Of course we want to work.
But most places won’t take a chance on a “liability” like me. No matter the experience or education or whatever they get with me.
Folks who think I should be okay with working in a low wage job like fast food can kiss my ass.
I’m not demeaning folks who work there but I didn’t go to college because I had dreams of working at Taco Bell.
In the past, folks let me know that the gaps on my resume didn’t work for them. And when I say I had health stuff, they “kindly” reply with a “no thanks” or “they’ll look elsewhere” — when there was literally nothing I could do at the time.
I’m lucky that my job took a chance. And after a few months, it’s worked great. They care that I’m both valuable and sick, and work with me.
A social worker who insisted on meeting in person told me that I can't make anything over $10,000.00 a year if I want to keep my Medicare and partial Medicaid.
I guess she wanted to make sure I’m still not a starfish and that my legs still didn’t magically grow back.
In any case, that isn't what Medicare or Medicaid told me on the phone. They said I'd just pay extra for my Medicare and not get cut off.
Since I’m still technically disabled, my Lupus and corresponding issues haven’t gone anywhere.
And being asked these repetitive questions just get on my nerves.
Just as Access a Ride in NYC doesn’t have the same info for the dispatchers, operators and drivers, neither do Medicare, social workers or insurance companies.
Access-A-Ride is a paratransit company that is used like buses and cabs around the city for disabled and elderly people. We pay for it and they provide shitty service.
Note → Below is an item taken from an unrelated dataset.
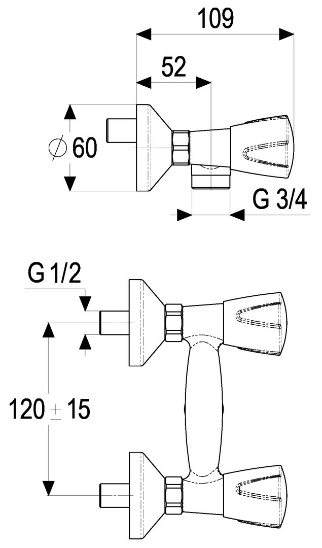 Schulte Brause-Zweigriff-Armatur classic-line_2 3/8", ohne Brausegarnitur, Stichmaß 105-135mm, verchromt, Trianongriff W327166

That’s part of my new job: to make it better.
Why is it a crime to be disabled in the US? Why do they, and I mean the US government they treat us like the enemy?
I was born and raised in Queens, NY. But my country treats me and other people like me as third-class citizens. Why?
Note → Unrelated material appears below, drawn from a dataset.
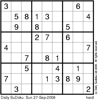 The Daily SuDoku: Sun 27-Sep-2009

What the hell did I pay taxes for when I worked before and now that I’m working again?
What are my brother and sister working for?
What are other Americans working for? Some fake ass American dream?
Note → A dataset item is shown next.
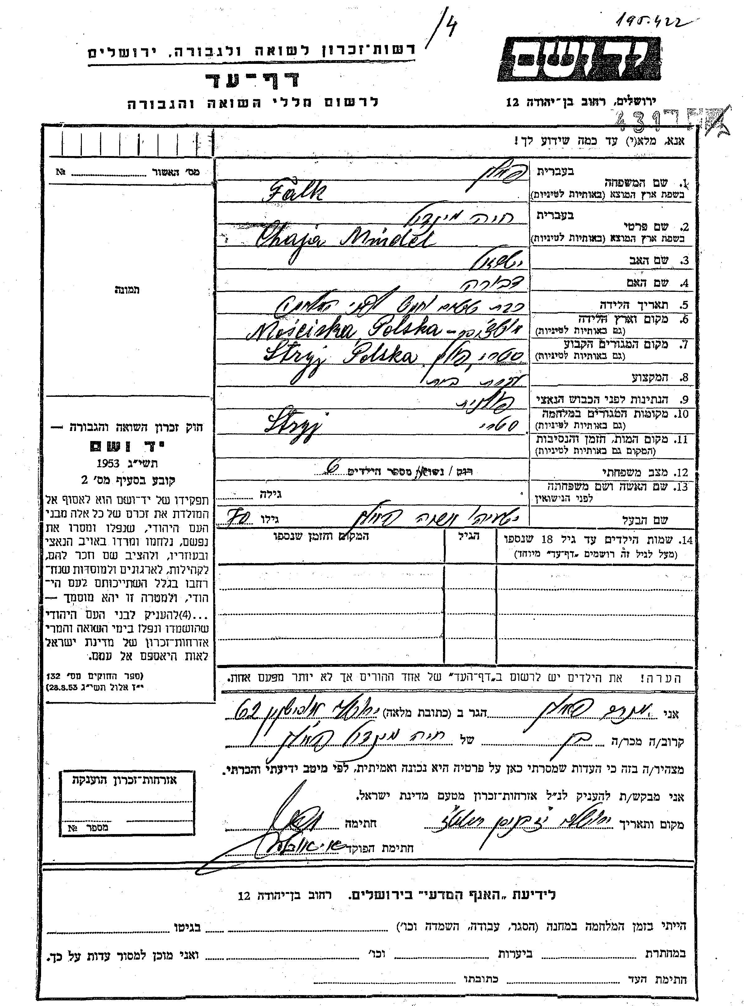 Khaia Mindel Falk, geb. Broiner wurde im Jahr 1875 in Mosciska, Polen geboren. Sie war Hausfrau. Vor dem Zweiten Weltkrieg lebte sie in Stryj, Polen.

This is what I’m working towards.
This is what my future children will get? WTF is that?
This isn’t the America my dad came to — and subsequently died from — for his kids. My dad died of a heart attack 18 years ago at the age of 40. His American dream had become a nightmare and it took him out.
And this is not the America my mother grew up in.
I’m going to fight every damned day to make it better. I don’t want reality to be like Terminator Apocalypse in the future. My legs are mechanical. I’m not.
I’m their worst enemy. I’m everything they don’t like. But the people like me and that counts. Bigly.
I don’t care what the elite want.
I'm here, I’m American and I’m an adult. I might have two metal legs and one mechanical knee but I’m still human.
I have rights.
I deserve help from my government. I work hard. I want to build something for my family and myself.
If these Republicans are pro-life, it shouldn’t stop at the womb. It should mean all of us. Period.
After all, that’s what Jesus would do.
Eman Rimawi is a Black, Native American and Palestinian woman who lives in NYC and began writing poetry and prose early in life.
Her natural creativity steered her towards becoming a spoken-word artist, educator and youth organizer for dozens of non-profit organizations in New York City, including: The Audre Lorde Project, FUREE, Casa Atabex Ache and The Jed Foundation. She went on to teach creative writing, community organizing, history and political science workshops to youth in New York.
Eman has been focused on organizing around disability rights and staying true to her passion for community connectedness and proven strength. She started Amped Up, an organization that helps disabled people to be creative and live lives they love; through fashion, creativity and social gatherings. She is putting out graphic novels and children's books where disabled people are the main characters, and is facilitating workshops to support businesses who employ disabled people to better support and interact with their staff.
Eman joined NYLPI as its Access-A-Ride Campaign Coordinator and Organizer. She will be organizing around making Access-A-Ride better for its customers.